Hacker News new | ask | show | jobs
by gorbog 2341 days ago
How can they crawl the entire web ( or a big portion of it) everyday without spending tens of thousands of dollars in server / bandwidth costs?

I know there are lots of open source crawlers like Stormcrawler and all, but the cost of running it at web scale everyday is prohibitive isn’t it?

3 comments

I built something a prototype of this a year ago. But I ultimately decided that I couldn't ever see myself making close to as much money from it as I already do. I won't be sad if this service proves that wrong.

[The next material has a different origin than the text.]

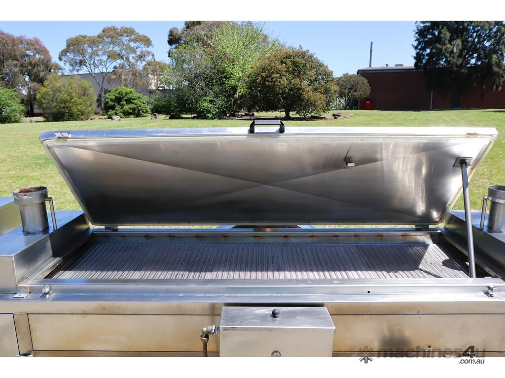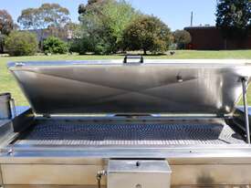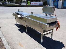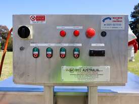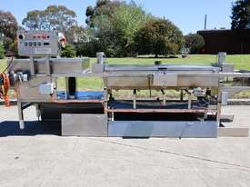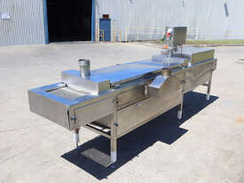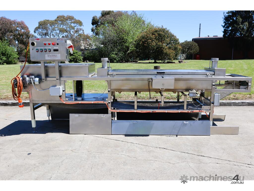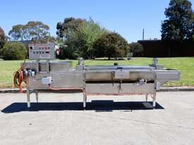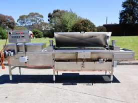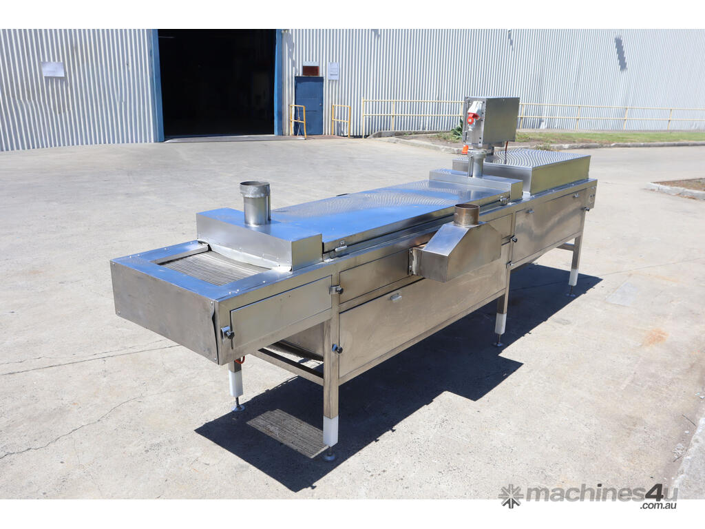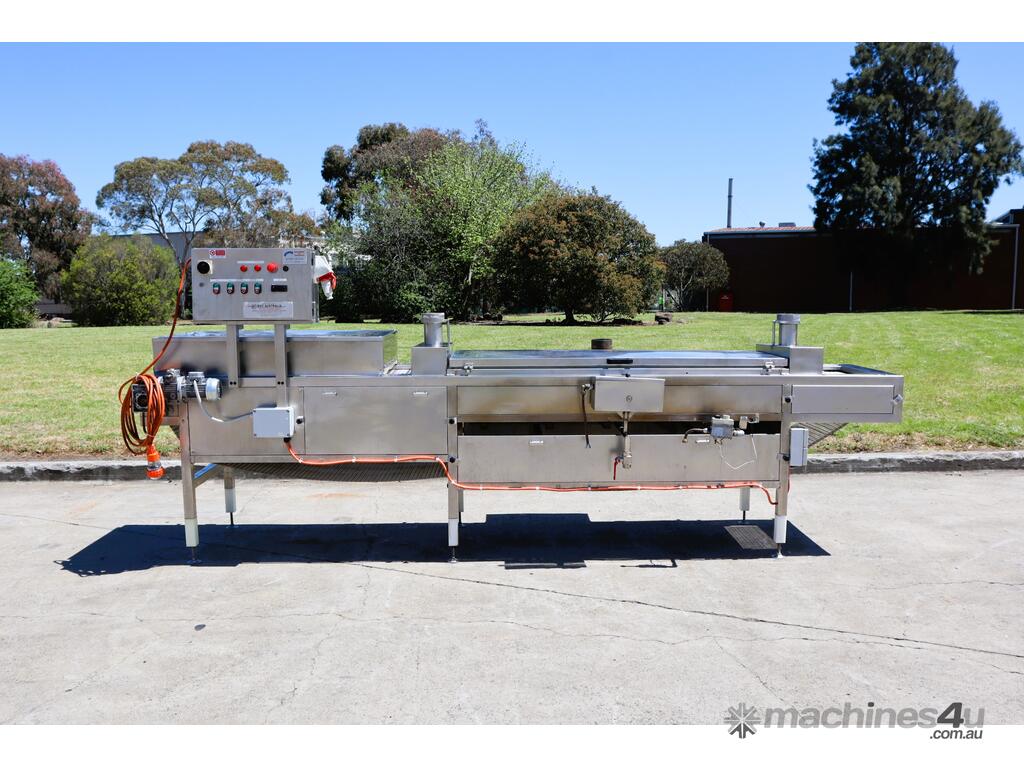 Stainless steel continuous steam pasteuriser for pasta by A. Cozzi (Italy). Provides thermal pasteurisation of fresh pasta products using steam. The machine features a mesh conveyor belt running through an enclosed tunnel, where water in a shallow reservoir is heated by a gas fired system. This was supplied in Australia by MEC Australia, and is built for continuous operation.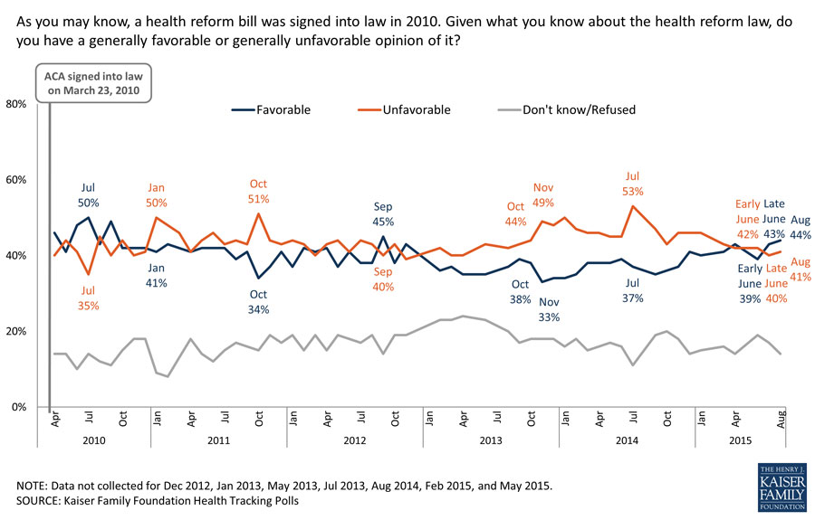 Consistent with findings over the past few months, the American public remains divided in their opinion of the health care law; 44 percent say they have a favorable view and 41 percent say they have an unfavorable view. Opinion of the law continues to diverge along party lines, with most Democrats reporting a favorable view of the law (76 percent) and most Republicans reporting an unfavorable view of the law (71 percent). Among independents, 46 percent say they have an unfavorable view, while 39 percent report a favorable view.

I just told customers to sign up for Google Alerts for the general web, and then I scraped new content from a bunch of sites like Reddit, Pinterest, Twitter, Instagram, Product Hunt, Hacker News.

The idea was to order everything by how many people might be seeing it and how many people were interacting with it (dis/liking).

Since most things posted on social media basically go unnoticed, I crawled things in a way that you would only see stuff any reasonable business would care about. Because of that, even for a website like Reddit, I could get all the content for an hour in only a couple thousand hits -- bandwidth wasn't anything crazy.

As a business, this gave you the ability to prioritize what you should pay attention to and where -- without giving you a bunch of noise.

With the way web hosting servers are set up, and specific companies that sell this hosting, bandwidth for crawling/scraping is basically $0 at most popular companies.
I suppose they query Google.
If that's the case just use Google alerts.